I'd venture to say 99% of us use the lower pan. I haven't had any issues in 15K+ miles since turbo. Good luck! :beer:


----------



## killerbunny (Jul 10, 2008)

mjb8482 said:


> I'd venture to say 99% of us use the lower pan. I haven't had any issues in 15K+ miles since turbo. Good luck! :beer:


I was one of the unlucky ones who had issues using the lower pan. I would only get smoking if the car was idling for a few minutes, when moving around and with more oil circulating I did not have an issue. Others who ran into this problem used restrictors on the feed line, I did not like the idea of using a restrictor on a journal bearing turbo (on what I was told was an acceptable oil pressure for the turbo). I ended up pulling the upper pan, and welding a bung on. Removing the upper pan is a pain, you have to pull the lower pan, trans, clutch/flywheel, bolts behind the flywheel and a few other things. 

Talking with others/theorizing a bit, it seems like a lot of the issues stem from weak oil seal in the turbo itself, there have been oem cars that drain low in an oil pan, iirc the 1.8ts do. I think this problem is seen with a lot with jb precision turbos, I was warned of weak seals by some friends before buying my turbo. If your turbo is a BB precision unit or maybe another brand issues don't seem as likely. 

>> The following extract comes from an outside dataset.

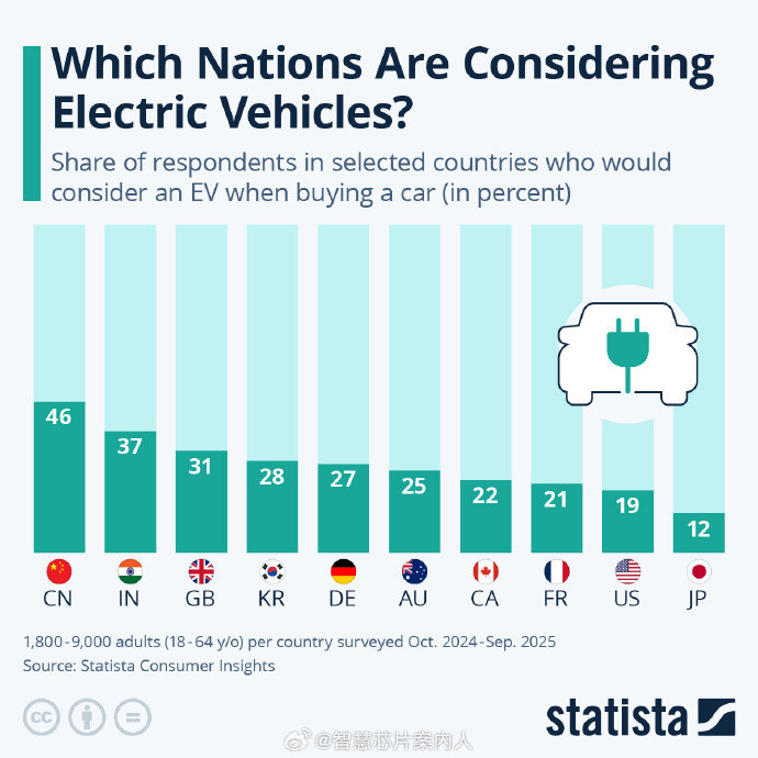 【CNMO科技消息】10月26日正规配资炒股网站,Statista统计了过去12个月不同国家对电动汽车的购买的考虑比例。中国消费者对电动汽车的购买意愿高达46%。

There are plenty of guys running turbos who have not had any issues at all with draining into the lower pan, so who really knows. Hope this helps in some way.


----------



## jsalisbury88 (Aug 25, 2014)

Definitely helps, thank you both for your responses. I was hoping to get that answer...as you mentioned the upper pan is a pain to get off if something goes wrong...

Cheers!


----------



## Pat @ Pitt Soundworks (Nov 14, 2008)

You can also use the crankshaft timing pin hole (by the front-main seal plate). It's cast in to the block, and is higher than even the lower oil pan. Or drill/tap the block.


----------



## aquino (Mar 12, 2007)

I'm running a scavenge pump. Feeds oil into the lower pan. Without it my turbo smoked.


----------



## killerbunny (Jul 10, 2008)

aquino said:


> I'm running a scavenge pump. Feeds oil into the lower pan. Without it my turbo smoked.


What setup do you have? Electric or mechanical? I had also considered using a scavenge pump.


----------



## aquino (Mar 12, 2007)

Top mount jdl. I'm ising an electric turbowerx mini mounted to the subframe with a home made bracket


----------



## mjb8482 (Mar 4, 2008)

mjb8482 said:


> I'd venture to say 99% of us use the lower pan. I haven't had any issues in 15K+ miles since turbo. Good luck! :beer:


Update to this: turbo did start to smoke this summer. That's after about 30K since install. Would happen mostly on hot starts and after long idles. Unclear what caused it, but could be this. 

Sold the car in the fall, so never solved it.

However, I will be building another 2.5T, so I'll get another data point. :beer:


----------